Related modules/software:

  • Nethttp_fs allows you to access HTTP servers in the style of filesystems
  • WebDAV: If you are looking for WebDAV there is an extension of this module: Webdav, which is separately available.


Thread safety

The module can be compiled such that it is thread-safe. In particular, one has to link the http_client_mt.cmxo object, and thread-safety is restricted to the following kinds of usage:

  • The golden rule is that threads must not share pipeline objects. If every thread uses its own pipeline, every thread will have its own set of state variables. It is not detected if two threads errornously share a pipeline, neither by an error message nor by implicit serialization. Strange things may happen.
  • The same applies to the other objects, e.g. http_call objects
  • The Convenience module even serializes; see below.


Types and Exceptions


exception Bad_message of string
The server sent a message which cannot be interpreted. The string indicates the reason.
exception No_reply
There was no response to the request because some other request failed earlier and it was not allowed to send the request again.
exception Too_many_redirections
While following redirections the limit has been reached
exception Name_resolution_error of string
Could not resolve this name - same as Uq_engines.Host_not_found
exception URL_syntax_error of string
This URL cannot be parsed after a redirection has been followed.
exception Timeout of string
A timeout. The string explains which connection is affected. New since Ocamlnet-3.3.
exception Proxy_error of int
An error status from a proxy. This is only used when extra proxy messages are used to configure the proxy (e.g. the CONNECT message).
exception Response_too_large
The length of the response exceeds the configured maximum
exception Http_protocol of exn
The request could not be processed because the exception condition was raised. The inner exception is one of the above defined.
exception Http_error of (int * string)
Deprecated in the scope of pipeline. The server sent an error message. The left component of the pair is the error code, the right component is the error text. This exception is only used by get_resp_body, and by the Nethttp_client.Convenience module. Note that for the latter usage the exception does not count as deprecated.
type status = [ `Client_error
| `Http_protocol_error of exn
| `Redirection
| `Server_error
| `Successful
| `Unserved ]
Condensed status information of a HTTP call:
  • `Unserved: The call has not yet been finished
  • `HTTP_protocol_error e: An error on HTTP level occurred. Corresponds to the exception Http_protocol.
  • `Successful: The call is successful, and the response code is between 200 and 299.
  • `Redirection: The call is successful, and the response code is between 300 and 399.
  • `Client_error: The call failed with a response code between 400 and 499.
  • `Server_error: The call failed for any other reason.

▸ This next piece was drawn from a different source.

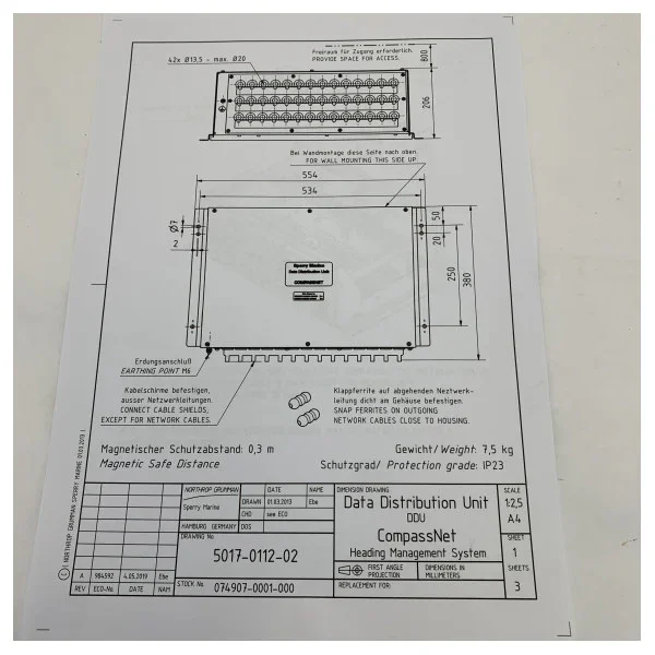 This Sperry Marine Gyrocompass Data Distribution Unit (DDU), model CompassNet (part number 074907-0001-00), is a crucial component for the reliable and accurate distribution of gyrocompass data to various navigation and control systems on board. It ensures that all connected systems, such as autopilots, radar, ECDIS, and VDR, receive consistent and synchronous course information. This is essential for safe and efficient navigation at sea.

type 'a auth_status = [ `Auth_error
| `Continue of 'a
| `Continue_reroute of 'a * int
| `None
| `OK
| `Reroute of int ]
Status of HTTP-level authentication:
  • `None: Authentication wasn't tried.
  • `OK: The authentication protocol finished. What this means exactly depends on the protocol. For most protocols it just means that the server authenticated the client. For some protocols it may also mean that the client authenticated the server (mutual authentication).
  • `Auth_error: The authentication protocol did not succeed. Note that this state can also be reached for an otherwise successful HTTP response (i.e. code 200) when the client could not authenticate the server and the protocol demands this.
  • `Reroute trans_id: The request should be retried on a new connection for the transport identified by trans_id
  • `Continue: The authentication is still in progress. Normally the user should not see this state as the engine automatically continues the protocol. The argument of `Continue is private.
  • `Continue_reroute: the combination of continue and reroute: the auth protocol continues, but the next request must be sent on the indicated transport.

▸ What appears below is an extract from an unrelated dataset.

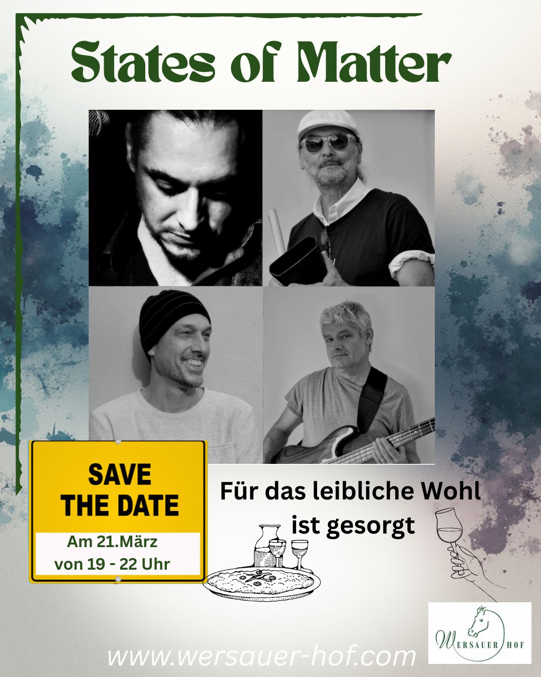 Am 21.03. dürfen wir auf dem Wersauer Hof die Band States of Matter begrüßen. Die Band steht für einen vielseitigen Sound aus Alternative Rock, Westcoast-Vibes und groovigen Rhythmen und begeistert mit energiegeladenen Live-Auftritten und viel Spielfreude.
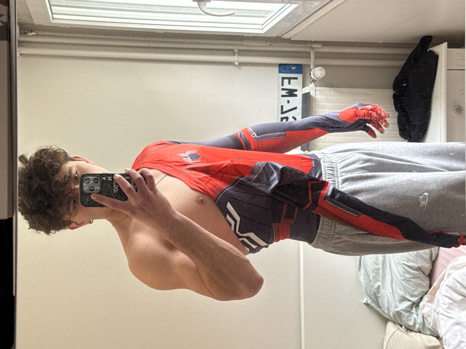 A young male stands in a room in Rennes, France, taking a mirror selfie with a dark smartphone held in his right hand, which partially obscures his face. He has dark, curly hair, a visible earring in his left ear, and a silver chain necklace. His right arm and torso are bare. He is wearing the upper portion of a red, blue, and black long-sleeved costume resembling a Spider-Man suit, featuring a red spider emblem on the chest. This costume covers his left arm and upper torso. He wears grey sweatpants with a white Nike logo on the left thigh. The reflected environment behind him includes a light-colored wall, a white-framed window with a white handle on the right, and a white radiator directly below the window. A blue and white French license plate, partially visible as "EM-13-", is affixed to the wall behind the subject. A white headboard and disheveled bedding are present on the left side, and a white cabinet with a dark object on top is visible on the lower right.

type 'message_class how_to_reconnect = 
| Send_again (*Send the request automatically again*)
| Request_fails (*Drop the request*)
| Inquire of ('message_class -> bool) (*If the function return true send again, otherwise drop the request.*)
| Send_again_if_idem (*Default behaviour: Send_again for idempotent methods (GET, HEAD), Request_fails for the rest*)
How to deal with automatic reconnections, especially when the connection crashes.
type 'message_class how_to_redirect = 
| Redirect (*Perform the redirection*)
| Do_not_redirect (*No redirection*)
| Redirect_inquire of ('message_class -> bool) (*If the function return true redirect, otherwise do not redirect. It is legal to set the Location header as part of the action performed by the function. (Should be an absolute http URL.)*)
| Redirect_if_idem (*Default behaviour: Redirect for idempotent methods (GET, HEAD), Do_not_redirect for the rest*)
type private_api 
The private part of the http_call class type
type response_body_storage = [ `Body of unit -> Netmime.mime_body
| `Device of unit -> Uq_io.out_device
| `File of unit -> string
| `Memory ]
How to create the response body:
  • `Memory: The response body is in-memory
  • `File f: The response body is stored into the file whose name is returned by f()
  • `Body f: The response body is stored into the object returned by f()
  • `Device f: The response is directly forwarded to the device obtained by f() (new since Ocamlnet-3.3)
When the function f is called in the latter cases the response header has already been received, and can be retrieved with the response_header method of the call object. Also, response_status_text, response_status_code, and response_status return meaningful values.
type synchronization = 
| Sync (*The next request begins after the response of the last request has been received.*)
| Pipeline of int (*The client is allowed to send several requests without waiting for responses. The number is the maximum number of unreplied requests that are allowed. A typical value: 5. If you increase this value, the risk becomes higher that requests must be repeatedly sent to the server in the case the connection crashes. Increasing is recommended if you send a bigger number of GET or HEAD requests to the server. Decreasing is recommended if you send large POST or PUT requests to the server.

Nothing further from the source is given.